◆ Your instructions: A verbatim copy of the listing is what is needed, minus any pictures.

◆ Data shown:

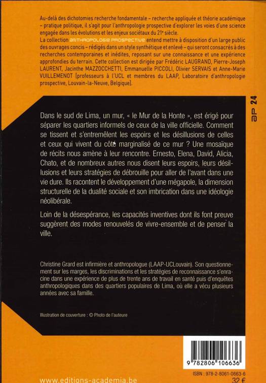Dans le sud de Lima, « le Mur de la Honte » sépare les quartiers informels de ceux de la ville officielle. Comment se tissent et s'entremêlent les espoirs et les désillusions de celles et ceux qui vivent du côté marginalisé de ce mur ? Une mosaïque de récits nous amène à leur rencontre. Ils racontent le développement d'une mégapole, les conditions d'habitat, la violence et la prédation en contexte néolibéral. Ils mettent en lumière les capacités populaires de renouveler la pensée sur ville et la société.
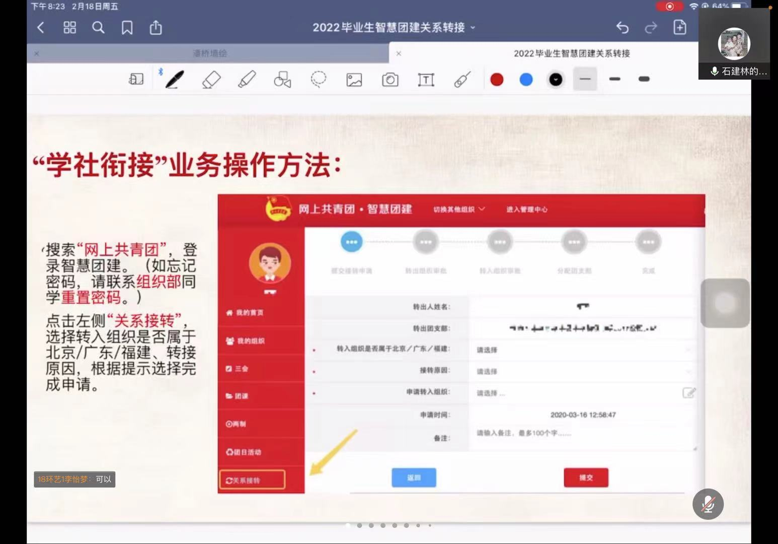 公司团学指导老师、辅导员石建林发表讲话,对“智慧团建”系统中关于团员团组织关系的转接问题给毕业生团员进行了详细阐述,并提醒每位校内校外的毕业生在当前严峻的疫情形势下,遵守公司相关的防疫规定。
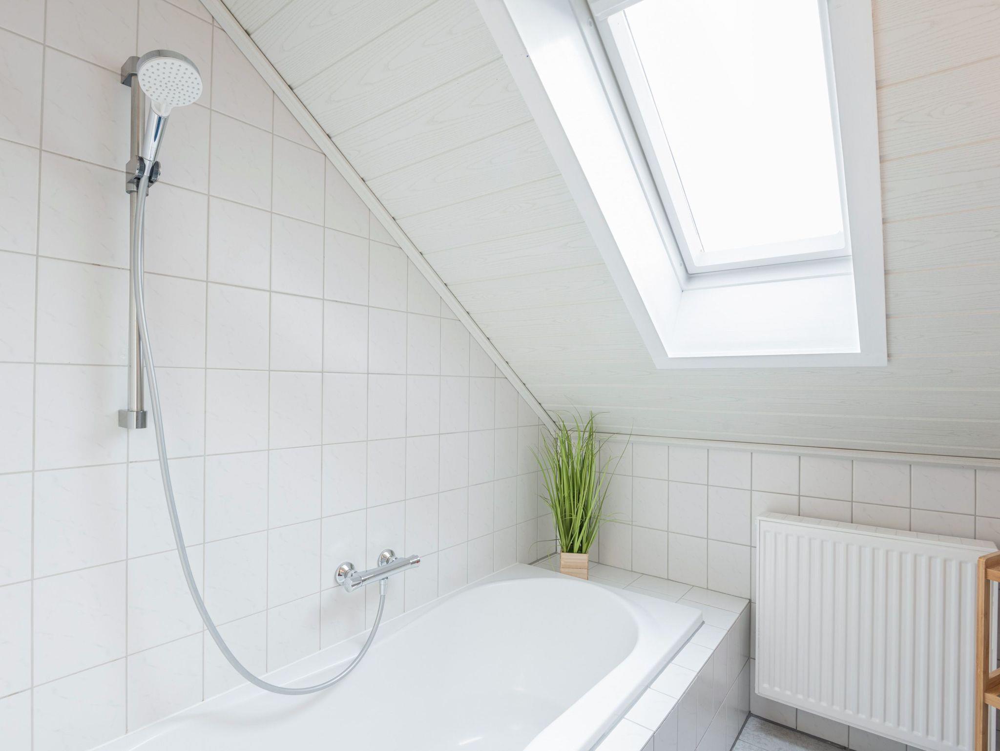 Die Unterkunft verfügt zudem über ein helles Tageslichtbad mit einer Badewanne inkl. Duschfunktion, Waschbecken und einem Föhn. Das WC befindet sich in einem separaten Raum.
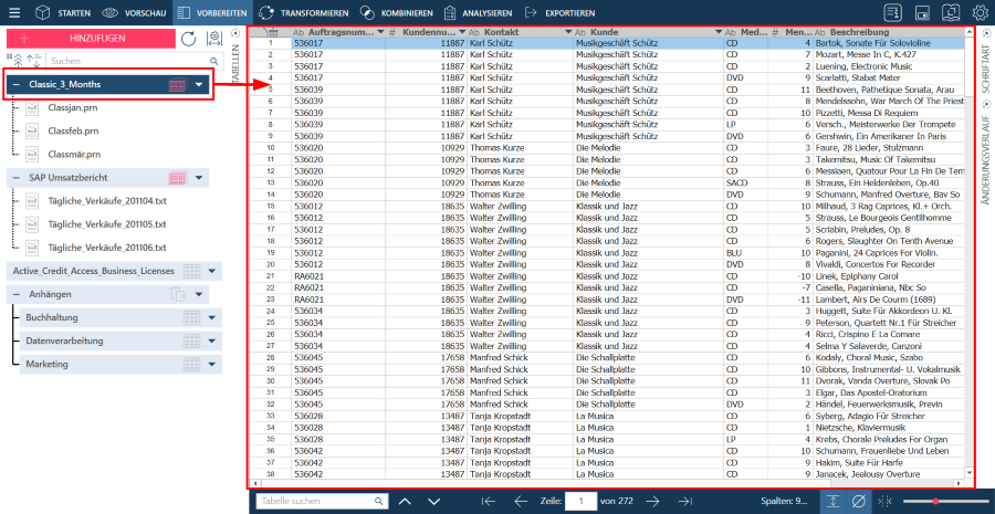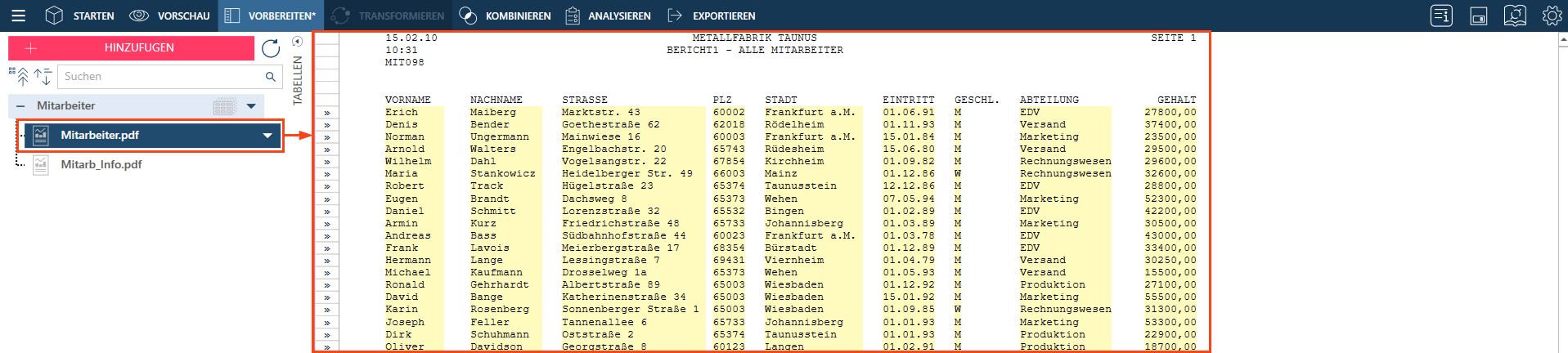 PDF- oder Berichtsdokumente, die in Data Prep Studio über den Berichtsentwurf geöffnet wurden, werden im Fenster „Vorbereiten“ als übergeordnete/untergeordnete Knoten angezeigt.
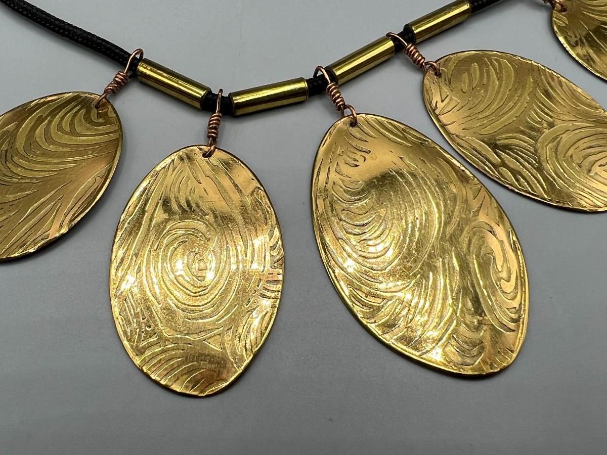 Crafted Handwrought & Etched Designer Jewelry Medallion Necklace

◆ Reply:
Dans le sud de Lima, « le Mur de la Honte » sépare les quartiers informels de ceux de la ville officielle. Comment se tissent et s'entremêlent les espoirs et les désillusions de celles et ceux qui vivent du côté marginalisé de ce mur ? Une mosaïque de récits nous amène à leur rencontre. Ils racontent le développement d'une mégapole, les conditions d'habitat, la violence et la prédation en contexte néolibéral. Ils mettent en lumière les capacités populaires de renouveler la pensée sur ville et la société.
 公司团学指导老师、辅导员石建林发表讲话,对“智慧团建”系统中关于团员团组织关系的转接问题给毕业生团员进行了详细阐述,并提醒每位校内校外的毕业生在当前严峻的疫情形势下,遵守公司相关的防疫规定。
 Die Unterkunft verfügt zudem über ein helles Tageslichtbad mit einer Badewanne inkl. Duschfunktion, Waschbecken und einem Föhn. Das WC befindet sich in einem separaten Raum.
 PDF- oder Berichtsdokumente, die in Data Prep Studio über den Berichtsentwurf geöffnet wurden, werden im Fenster „Vorbereiten“ als übergeordnete/untergeordnete Knoten angezeigt.
 Crafted Handwrought & Etched Designer Jewelry Medallion Necklace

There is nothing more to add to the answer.